:: WHAT YOU HAVE TO DO ::
Give all of the listing again word for word, with images excluded.

:: COLLECTED DATA ::
· · ·

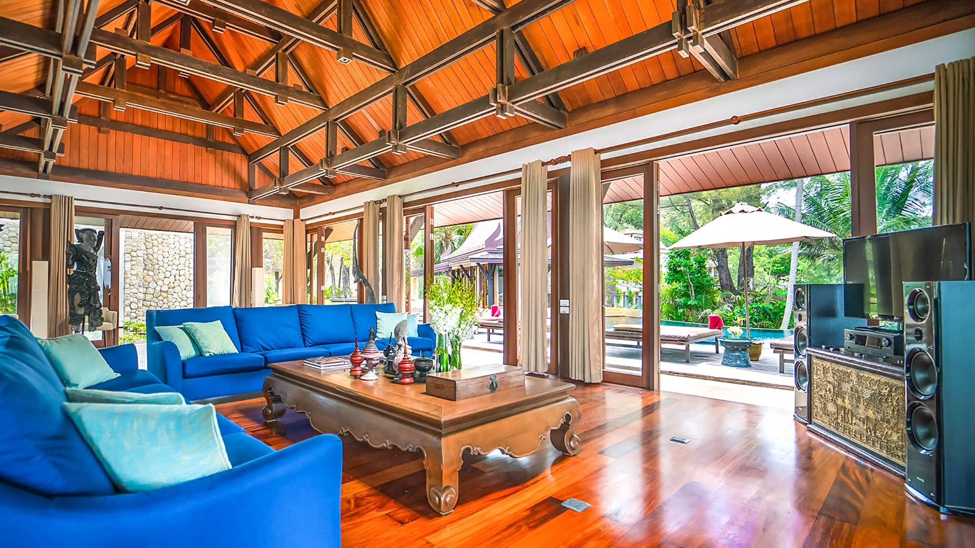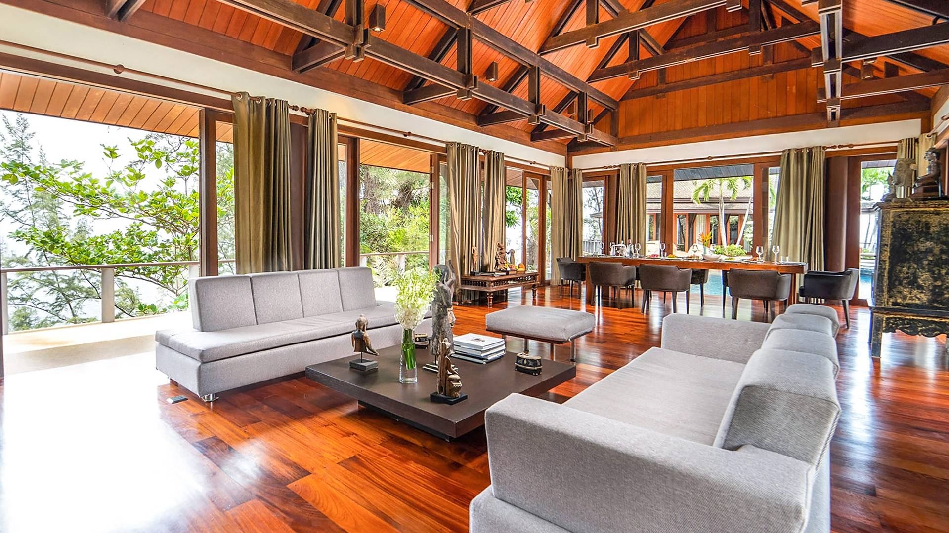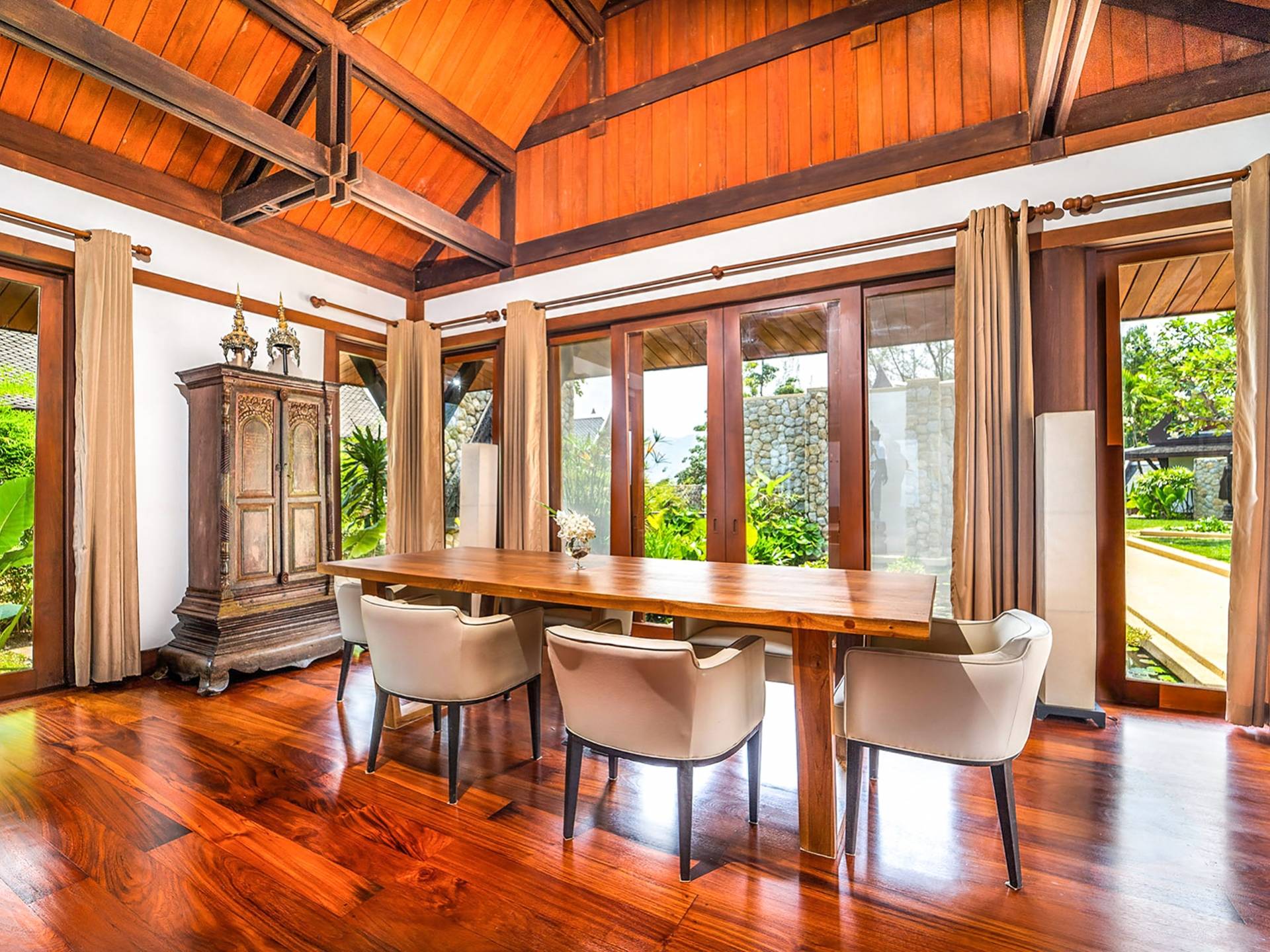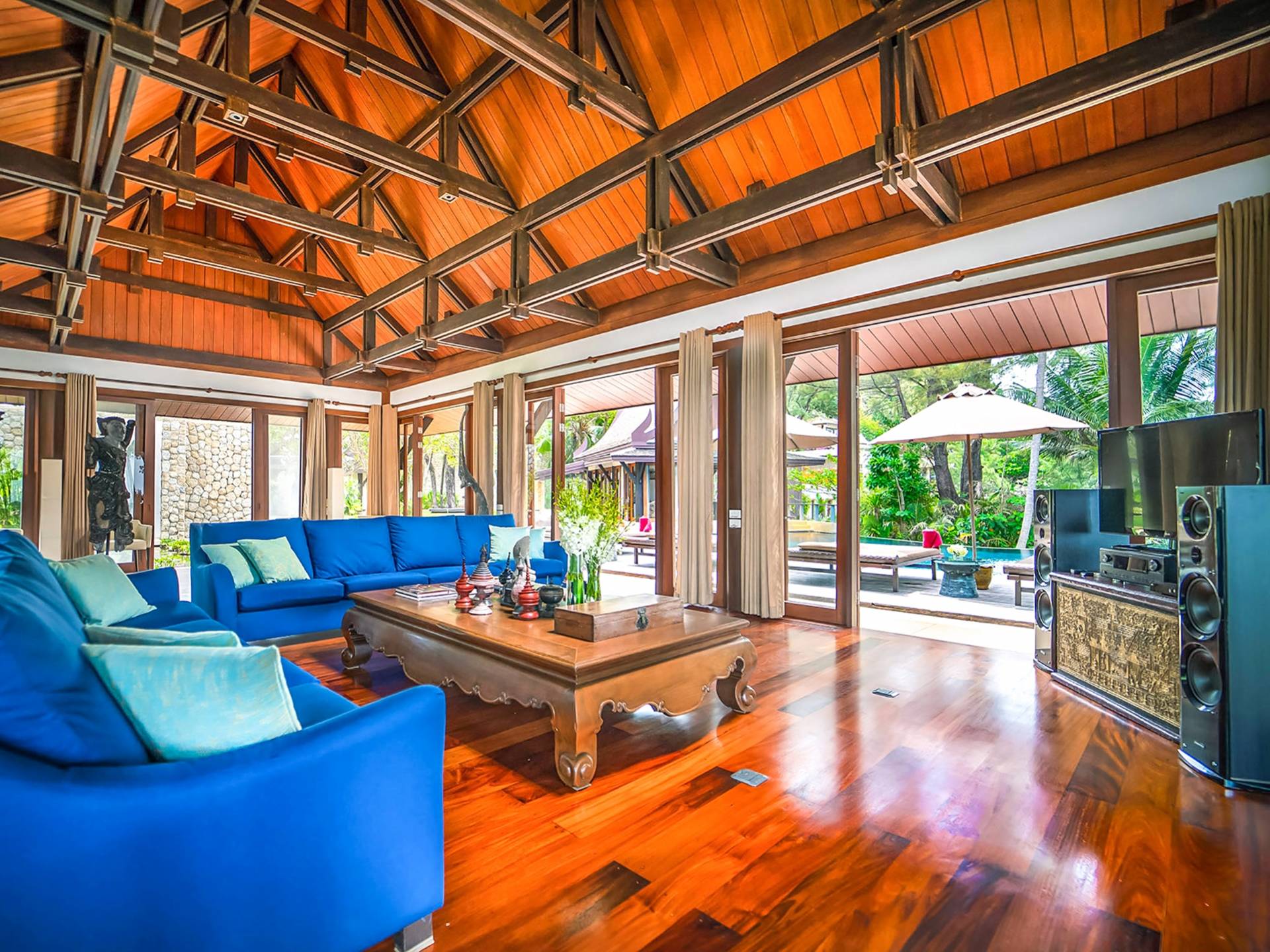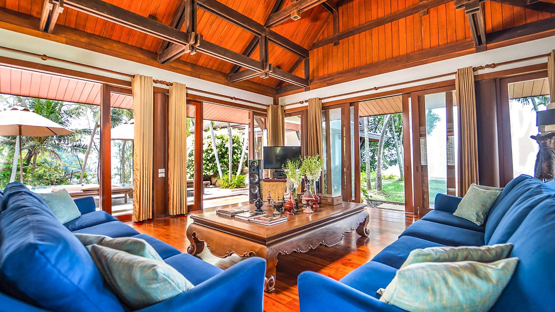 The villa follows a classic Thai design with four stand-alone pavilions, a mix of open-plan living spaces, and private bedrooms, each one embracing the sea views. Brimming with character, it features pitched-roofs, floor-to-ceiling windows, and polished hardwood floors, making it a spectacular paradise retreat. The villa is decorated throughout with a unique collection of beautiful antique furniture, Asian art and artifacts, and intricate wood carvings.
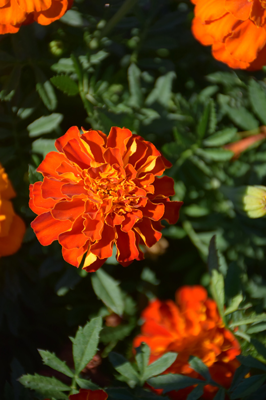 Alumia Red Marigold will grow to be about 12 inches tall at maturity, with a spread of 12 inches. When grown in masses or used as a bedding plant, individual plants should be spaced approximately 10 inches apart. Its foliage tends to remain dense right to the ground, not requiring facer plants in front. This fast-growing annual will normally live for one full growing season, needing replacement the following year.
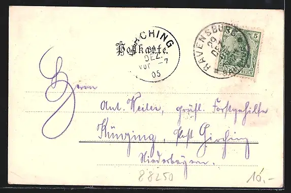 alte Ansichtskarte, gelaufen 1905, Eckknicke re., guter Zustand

· · ·

:: OUTPUT OF THE TASK ::
 The villa follows a classic Thai design with four stand-alone pavilions, a mix of open-plan living spaces, and private bedrooms, each one embracing the sea views. Brimming with character, it features pitched-roofs, floor-to-ceiling windows, and polished hardwood floors, making it a spectacular paradise retreat. The villa is decorated throughout with a unique collection of beautiful antique furniture, Asian art and artifacts, and intricate wood carvings.
 Alumia Red Marigold will grow to be about 12 inches tall at maturity, with a spread of 12 inches. When grown in masses or used as a bedding plant, individual plants should be spaced approximately 10 inches apart. Its foliage tends to remain dense right to the ground, not requiring facer plants in front. This fast-growing annual will normally live for one full growing season, needing replacement the following year.
 alte Ansichtskarte, gelaufen 1905, Eckknicke re., guter Zustand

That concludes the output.